When I was five, I weighed about 100 pounds. Mom and Dad thought they were feeding us well: breakfasts of eggs, sausages or bacon and buttered white toast, jelly and milk; lunches and dinners also contained plenty of rich food and milk. Maybe that type of diet was not unusual but I was unusually fat for a kid of five.
I wore Sears' “huskies".
When I was about 11 Mom and Dad persuaded me to drink Metrecal (maybe similar to Slimfast) and join a health club. It worked! I lost a considerable amount of weight and developed some self discipline. However, I was still too heavy and still had a lot of poor eating habits.
My junior high football coach told my dad that it was unusual for a heavy boy to practice football and not lose weight but I was supplementing my meals with floats—Cokes or Seven-ups with ice cream. I was an average football player—probably as good as most fat kids but all of the exercise never enabled me to reduce to a normal size. I weighed around 190 pounds in high school.

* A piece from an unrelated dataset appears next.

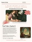 Have you ever found yourself daydreaming about a forbidden love? A Romeo and Juliet type of love? You know the story - star crossed lovers and opposing families. What about realizing that you are in love with your brother-in-law whilst reading together, having an affair, then being brutally murdered by your actual husband? Okay, maybe not the last one. However, that describes the story of Francesca and Paolo in Canto V of Dante's Inferno. Click this link to watch a Ted Talk discussing a summary and an analysis of Canto V and learn more about the story of Francesca and Paolo.

I really began to blossom (
) in college. At 27 I weighed 250 pounds. I walked up a flight of steps at a school and I was panting.
That was my big moment of truth. I knew it was time to get in shape. I began walking and then running. I ate raw veggies and less of the rich food. I became an avid runner and I got "fit"…but still not thin. I still ate a high-fat diet and often said that ice cream was my favorite vegetable!
In 1979 and 1980 I ran in several road races including two 10-mile races. Of course I was not really “racing” and I was still heavy. As I continued running over the years, I still struggled with weight management. Stops at Dairy Queen did not help.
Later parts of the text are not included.